## [DATA RECORDS]
· · ·
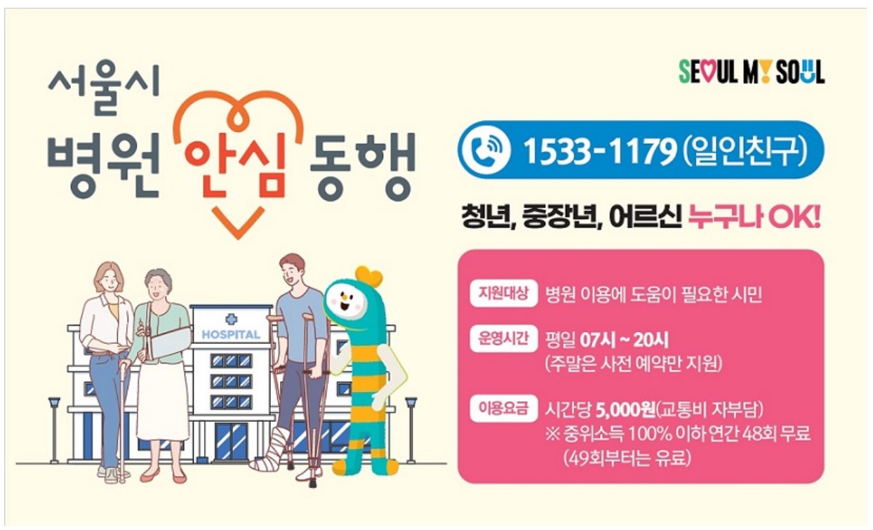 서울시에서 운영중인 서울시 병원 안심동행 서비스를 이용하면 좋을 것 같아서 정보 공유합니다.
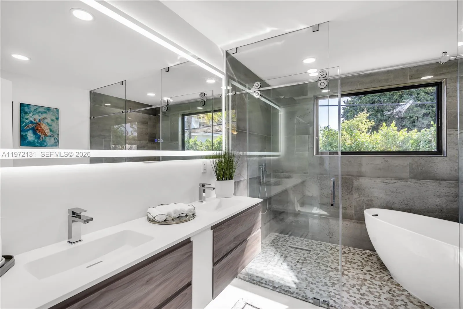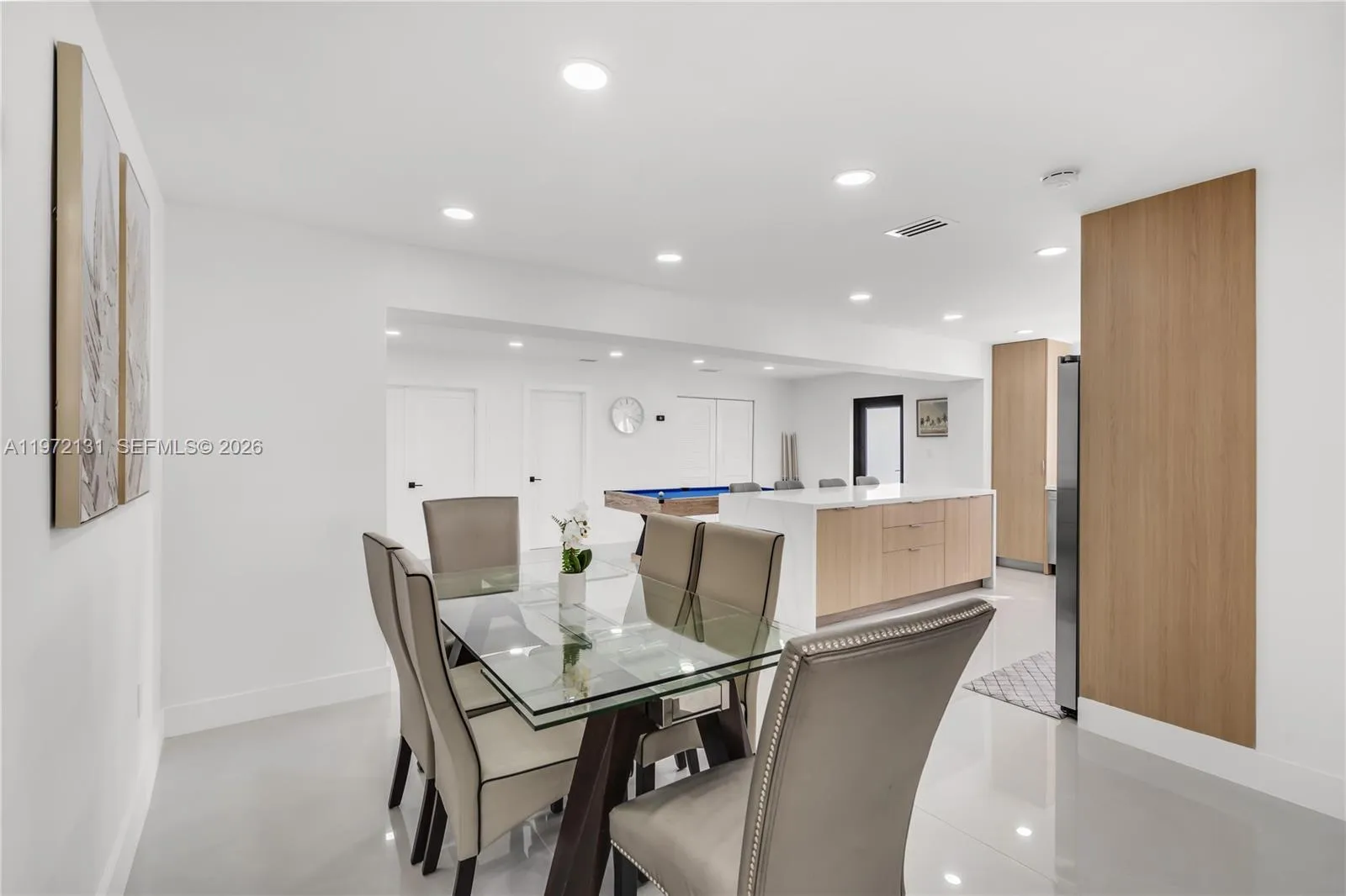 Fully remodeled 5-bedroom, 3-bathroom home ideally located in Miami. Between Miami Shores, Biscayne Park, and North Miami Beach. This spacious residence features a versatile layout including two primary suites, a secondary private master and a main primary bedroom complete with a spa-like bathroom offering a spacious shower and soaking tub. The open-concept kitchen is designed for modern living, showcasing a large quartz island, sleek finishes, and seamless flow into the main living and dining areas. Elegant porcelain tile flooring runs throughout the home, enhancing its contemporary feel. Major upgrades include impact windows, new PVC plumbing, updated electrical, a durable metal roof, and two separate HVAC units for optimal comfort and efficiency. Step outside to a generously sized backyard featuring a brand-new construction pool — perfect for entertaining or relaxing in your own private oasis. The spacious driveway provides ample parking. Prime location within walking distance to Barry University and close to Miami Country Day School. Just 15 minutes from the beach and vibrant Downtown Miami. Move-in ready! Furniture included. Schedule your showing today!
· · ·
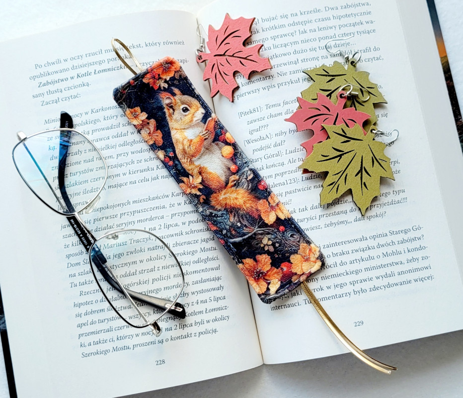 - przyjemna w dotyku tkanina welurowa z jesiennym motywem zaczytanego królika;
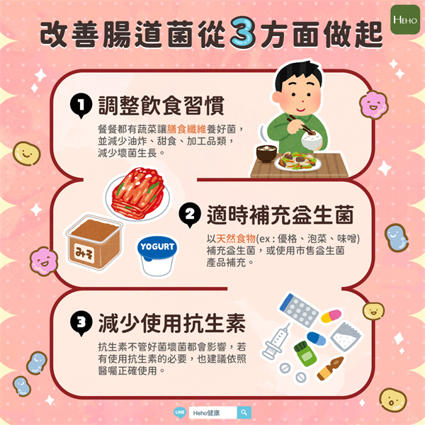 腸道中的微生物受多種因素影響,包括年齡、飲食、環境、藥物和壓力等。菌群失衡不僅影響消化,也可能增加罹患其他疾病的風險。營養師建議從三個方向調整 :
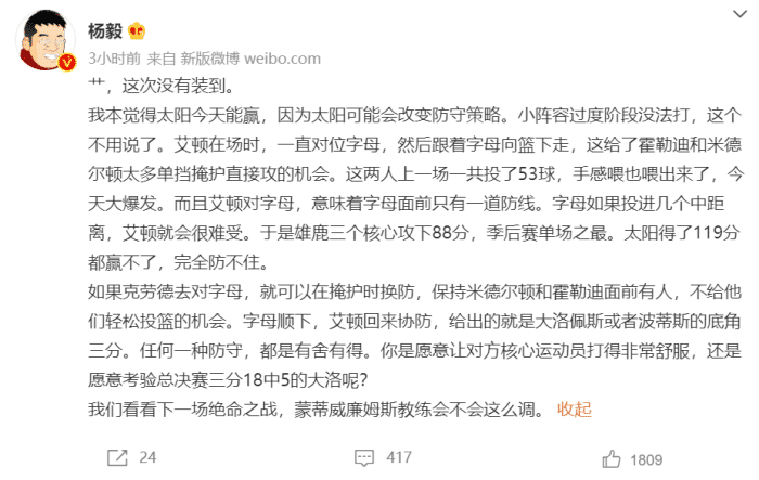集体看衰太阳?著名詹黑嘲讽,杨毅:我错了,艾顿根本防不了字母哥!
· · ·
## [WHAT THE TASK ASKS]
What you write must match the listing exactly, from the line with "腸道中的微生物受多種因素影響" up to and including the line with "集体看衰太阳?著名詹黑嘲讽,杨毅:我错了,艾顿根本防不了字母哥!". Pictures stay out.

## [RESULT]
 腸道中的微生物受多種因素影響,包括年齡、飲食、環境、藥物和壓力等。菌群失衡不僅影響消化,也可能增加罹患其他疾病的風險。營養師建議從三個方向調整 :
集体看衰太阳?著名詹黑嘲讽,杨毅:我错了,艾顿根本防不了字母哥!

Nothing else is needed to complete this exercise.